Kabule göre de, mahkemece, asıl davada, hüküm altına alınan kıdem tazminatı alacağına, iş sözleşmesinin fesih tarihi olan 01.03.2003 tarihinden itibaren faiz işletilmiştir. Dava dilekçesinde 30.12.2004 tarihinden itibaren faiz işletilmesinin talep edilmesi karşısında, taleple bağlılık ilkesine aykırı davranılması hatalıdır.
3-Mahkemece, işveren tarafından açılan (birleşen) menfi tespit istemli davayla (Birleşen Bursa 3. İş Mahkemesi’nin 2011/ 524 esas sayılı) ilgili tesis edilen hüküm sonucunun, harç, yargılama gideri ve vekalet ücretine ilişkin bendlerinin hatalı olduğu görülmektedir. Şöyle ki;
Menfi tespit davasının nisbi harca tabi olduğu, keza işverence de nisbi oranda belirlenen harcın yatırılarak dava açıldığı sabittir. Mahkemece ise, söz konusu birleşen davada, “2-Alınması gereken 27,70 TL harçtan peşin alınan 2.895,75 TL nin mahsubu ile bakiye 2.868,05 TL’nin karar kesinleştiğinde talep halinde birleşen dosya davacısına iadesine,” şeklinde hüküm sonucu tesis edilerek, davanın maktu harca tabi olduğunun kabulü hatalı olmuştur.
Diğer taraftan, menfi tespit istemli söz konusu birleşen davanın kabul edilmesi karşısında, birleşen dava davacısının yaptığı yargılama giderlerinin karşı taraftan tahsiline karar verilmesi gerekirken, “Birleşen dosyada birleşen dosya davacının yaptığı yargılama giderlerinin kendisi üzerinde bırakılmasına” şeklinde hüküm sonucu tesis edilmesi hatalıdır.
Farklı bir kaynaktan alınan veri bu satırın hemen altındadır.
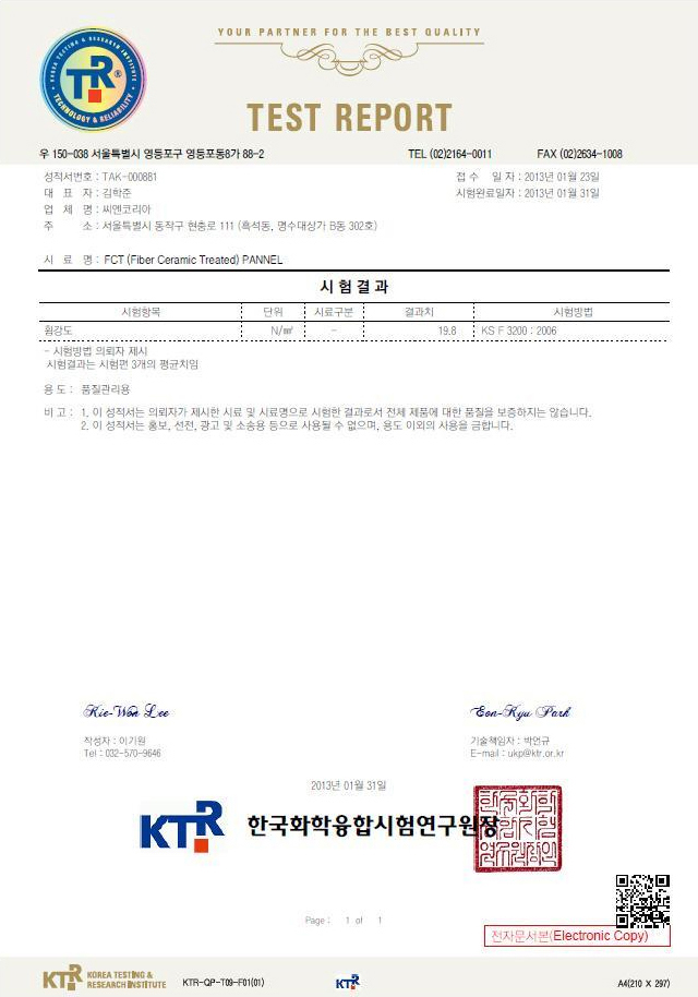 포틀랜드시멘트, 섬유소, 규사, 석분, Fiber, Fly Ash 등의 성분으로 구성된 고강도 시멘트판넬의 표면에 무기질 세라믹을 도포하여 고온에서 열처리한 고강도칼라 시멘트판넬입니다.

Vekalet ücretine yönelik olarak ise, menfi tespit davasının değerinin 195.000,00 TL olduğu ve davanın kabul edildiği nazara alındığında, karar tarihinde yürürlükte bulunan tarifeye göre nisbi oranda belirlenecek vekalet ücretinin, birleşen davanın davalısı işçiden alınarak, birleşen davanın davacısı işverene ödenmesine karar verilmesi gerekirken, mahkemece işveren lehine vekalet ücretine hükmedilmemesi hatalı olmuştur. Öte yandan, menfi tespit davasında reddedilen miktarın bulunmadığının gözardı edilerek, birleşen davanın davalısı işçi lehine vekalet ücretine hükmedilmesi de hatalıdır.
SONUÇ: Temyiz olunan kararın yukarıda yazılı sebeplerden BOZULMASINA, davacı-birleşen dosya davalı yararına takdir edilen 1.100,00 TL duruşma vekalet ücretinin karşı tarafa yükletilmesine, peşin alınan temyiz harcının istek halinde ilgiliye iadesine, 12.01.2016 gününde oybirliğiyle karar verildi.